▶ _Information provided_:
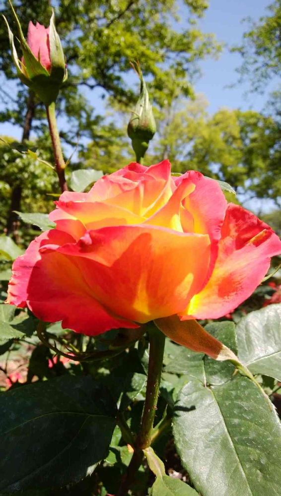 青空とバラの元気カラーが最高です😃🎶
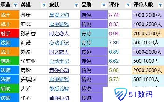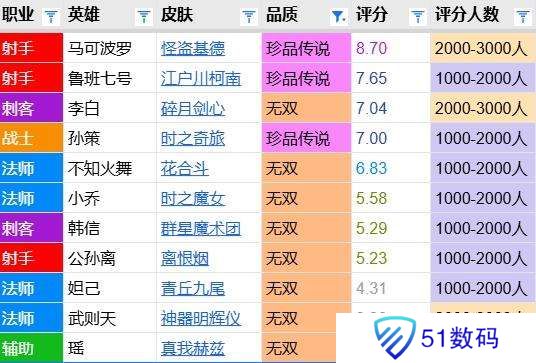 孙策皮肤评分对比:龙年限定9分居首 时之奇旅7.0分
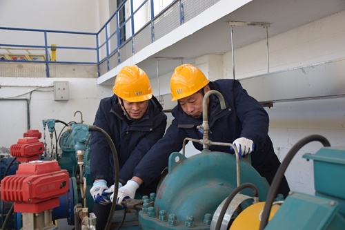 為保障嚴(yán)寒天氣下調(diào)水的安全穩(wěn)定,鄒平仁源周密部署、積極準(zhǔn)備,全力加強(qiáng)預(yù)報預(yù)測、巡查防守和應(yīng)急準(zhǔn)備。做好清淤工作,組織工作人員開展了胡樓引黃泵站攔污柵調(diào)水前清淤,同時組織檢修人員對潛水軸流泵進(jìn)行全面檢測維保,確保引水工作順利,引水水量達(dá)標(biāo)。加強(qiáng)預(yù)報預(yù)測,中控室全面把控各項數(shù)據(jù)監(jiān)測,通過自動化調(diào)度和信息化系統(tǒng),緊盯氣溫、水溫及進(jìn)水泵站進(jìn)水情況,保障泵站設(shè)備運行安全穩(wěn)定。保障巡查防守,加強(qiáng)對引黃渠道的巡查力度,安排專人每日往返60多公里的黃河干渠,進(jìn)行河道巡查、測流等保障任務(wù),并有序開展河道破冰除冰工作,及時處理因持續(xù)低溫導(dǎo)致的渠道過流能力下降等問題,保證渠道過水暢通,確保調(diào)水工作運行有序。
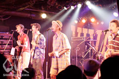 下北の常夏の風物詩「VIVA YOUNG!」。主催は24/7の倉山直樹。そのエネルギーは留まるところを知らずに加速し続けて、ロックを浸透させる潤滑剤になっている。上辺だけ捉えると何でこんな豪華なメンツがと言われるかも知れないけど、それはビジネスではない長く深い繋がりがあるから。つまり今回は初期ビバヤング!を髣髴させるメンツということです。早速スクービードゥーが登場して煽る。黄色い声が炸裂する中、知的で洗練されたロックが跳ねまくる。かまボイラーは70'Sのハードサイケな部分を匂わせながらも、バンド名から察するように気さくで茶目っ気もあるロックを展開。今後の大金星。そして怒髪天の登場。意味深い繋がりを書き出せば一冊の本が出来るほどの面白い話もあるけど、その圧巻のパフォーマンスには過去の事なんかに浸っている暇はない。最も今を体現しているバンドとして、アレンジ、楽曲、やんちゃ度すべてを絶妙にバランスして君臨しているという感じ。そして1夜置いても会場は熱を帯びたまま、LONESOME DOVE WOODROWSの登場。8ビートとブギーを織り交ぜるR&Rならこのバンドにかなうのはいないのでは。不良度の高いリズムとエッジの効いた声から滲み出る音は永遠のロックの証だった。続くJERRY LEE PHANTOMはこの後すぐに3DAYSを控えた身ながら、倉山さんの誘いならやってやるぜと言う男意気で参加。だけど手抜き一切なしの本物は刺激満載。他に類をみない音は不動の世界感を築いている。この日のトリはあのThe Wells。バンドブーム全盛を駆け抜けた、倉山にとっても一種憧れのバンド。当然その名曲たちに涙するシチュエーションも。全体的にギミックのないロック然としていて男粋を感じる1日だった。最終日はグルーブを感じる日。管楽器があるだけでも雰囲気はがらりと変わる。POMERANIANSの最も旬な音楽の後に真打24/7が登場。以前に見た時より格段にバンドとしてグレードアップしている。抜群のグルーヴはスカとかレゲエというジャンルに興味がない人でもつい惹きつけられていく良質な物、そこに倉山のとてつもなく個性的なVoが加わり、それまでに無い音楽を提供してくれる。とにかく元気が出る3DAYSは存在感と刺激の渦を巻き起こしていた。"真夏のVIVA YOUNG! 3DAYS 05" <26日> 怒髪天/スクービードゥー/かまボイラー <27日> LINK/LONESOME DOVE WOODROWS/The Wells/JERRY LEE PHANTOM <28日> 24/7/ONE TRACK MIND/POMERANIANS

▶ _Task objective_: Make an exact printout of the listing above, omitting the images.

▶ _Exercise solution_:
 青空とバラの元気カラーが最高です😃🎶
 孙策皮肤评分对比:龙年限定9分居首 时之奇旅7.0分
 為保障嚴(yán)寒天氣下調(diào)水的安全穩(wěn)定,鄒平仁源周密部署、積極準(zhǔn)備,全力加強(qiáng)預(yù)報預(yù)測、巡查防守和應(yīng)急準(zhǔn)備。做好清淤工作,組織工作人員開展了胡樓引黃泵站攔污柵調(diào)水前清淤,同時組織檢修人員對潛水軸流泵進(jìn)行全面檢測維保,確保引水工作順利,引水水量達(dá)標(biāo)。加強(qiáng)預(yù)報預(yù)測,中控室全面把控各項數(shù)據(jù)監(jiān)測,通過自動化調(diào)度和信息化系統(tǒng),緊盯氣溫、水溫及進(jìn)水泵站進(jìn)水情況,保障泵站設(shè)備運行安全穩(wěn)定。保障巡查防守,加強(qiáng)對引黃渠道的巡查力度,安排專人每日往返60多公里的黃河干渠,進(jìn)行河道巡查、測流等保障任務(wù),并有序開展河道破冰除冰工作,及時處理因持續(xù)低溫導(dǎo)致的渠道過流能力下降等問題,保證渠道過水暢通,確保調(diào)水工作運行有序。
 下北の常夏の風物詩「VIVA YOUNG!」。主催は24/7の倉山直樹。そのエネルギーは留まるところを知らずに加速し続けて、ロックを浸透させる潤滑剤になっている。上辺だけ捉えると何でこんな豪華なメンツがと言われるかも知れないけど、それはビジネスではない長く深い繋がりがあるから。つまり今回は初期ビバヤング!を髣髴させるメンツということです。早速スクービードゥーが登場して煽る。黄色い声が炸裂する中、知的で洗練されたロックが跳ねまくる。かまボイラーは70'Sのハードサイケな部分を匂わせながらも、バンド名から察するように気さくで茶目っ気もあるロックを展開。今後の大金星。そして怒髪天の登場。意味深い繋がりを書き出せば一冊の本が出来るほどの面白い話もあるけど、その圧巻のパフォーマンスには過去の事なんかに浸っている暇はない。最も今を体現しているバンドとして、アレンジ、楽曲、やんちゃ度すべてを絶妙にバランスして君臨しているという感じ。そして1夜置いても会場は熱を帯びたまま、LONESOME DOVE WOODROWSの登場。8ビートとブギーを織り交ぜるR&Rならこのバンドにかなうのはいないのでは。不良度の高いリズムとエッジの効いた声から滲み出る音は永遠のロックの証だった。続くJERRY LEE PHANTOMはこの後すぐに3DAYSを控えた身ながら、倉山さんの誘いならやってやるぜと言う男意気で参加。だけど手抜き一切なしの本物は刺激満載。他に類をみない音は不動の世界感を築いている。この日のトリはあのThe Wells。バンドブーム全盛を駆け抜けた、倉山にとっても一種憧れのバンド。当然その名曲たちに涙するシチュエーションも。全体的にギミックのないロック然としていて男粋を感じる1日だった。最終日はグルーブを感じる日。管楽器があるだけでも雰囲気はがらりと変わる。POMERANIANSの最も旬な音楽の後に真打24/7が登場。以前に見た時より格段にバンドとしてグレードアップしている。抜群のグルーヴはスカとかレゲエというジャンルに興味がない人でもつい惹きつけられていく良質な物、そこに倉山のとてつもなく個性的なVoが加わり、それまでに無い音楽を提供してくれる。とにかく元気が出る3DAYSは存在感と刺激の渦を巻き起こしていた。"真夏のVIVA YOUNG! 3DAYS 05" <26日> 怒髪天/スクービードゥー/かまボイラー <27日> LINK/LONESOME DOVE WOODROWS/The Wells/JERRY LEE PHANTOM <28日> 24/7/ONE TRACK MIND/POMERANIANS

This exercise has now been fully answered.